- Born: Yolanda Ncokotwana South Africa
- Occupations: Artist, Filmmaker, Executive Producer, Designer, Inntrepreneur

= Yolanda Ncokotwana =

South African TV Presenter and producer

Yolanda Ncokotwana Yolanda Ncokotwana is a film and television professional specializing in production, financing, project development and policy making. She is filmmaker, Story consultant, Executive Producer, Entrepreneur, Fashion, Clothing Boutique Co-owner, Former Sport Programme, Former Broadcaster. she has worked on in television, script consulting, and content management, she has overseen the funding of numerous award-winning films and launched co-production initiatives, including partnerships with Netflix and the Netherlands. A graduate in film production, she actively participates in international panels.

==Career==

Her broadcasting career began at the South African Broadcasting Corporation, rising-up the ranks to becoming a Commissioning Editor. Her achievements include acquiring international content, leading content strategies for various flagship programmes and international sporting events such as the 2014 FIFA World Cup, the 2015 Cricket World Cup and the 2016 RIO Olympic Games. Currently, she works at the National Film and Video Foundation as a Production and Development Manager. Her focus is the non-fiction genre where she has developed and consulted on films that have won multiple local, and international awards. Her passion is creating platforms to foster growth and development of local content both locally and internationally. Yolanda’s goal is to spearhead transformation in the film industry, ensuring the representation of different narratives.

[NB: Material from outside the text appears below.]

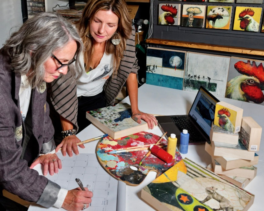 Artist owners Christina Lovisaand Pamela Rideout-Smithshare a common passion for creating art. "There is arguably no greater joy than spending a day in the studio!" From initial concept and design to displaying our final product, every step is completed by us, by hand. We cannot deny that we LOVE what we do.

She holds a Film and Production degree from the Tshwane University of Technology and is currently pursuing a degree in Creative Writing from the University of South Africa.

==Jury Member==
- Jackson Wild (2022)
- Joburg international Film Festival (2025)
- Indian Ocean International Film Festival (2nd edition)

==participation==

2018, she was part of the SEDIBA international financing programme for producers Designed for experienced and emerging producers in TV drama and feature film products and offers focused training in international financing, packaging, sales, and distribution, facilitated by NFVF.

In July 2020, she was part of the Mehret Mandefro-led Indaba Africa inaugural group of participants from across the African continent with career development focus, participating in online workshops between August 28 and September 11, 2020 with the chief aim of creating new ways of financing the changing African cinema by helping producers in terms of building finance bases for co-production from the scratch.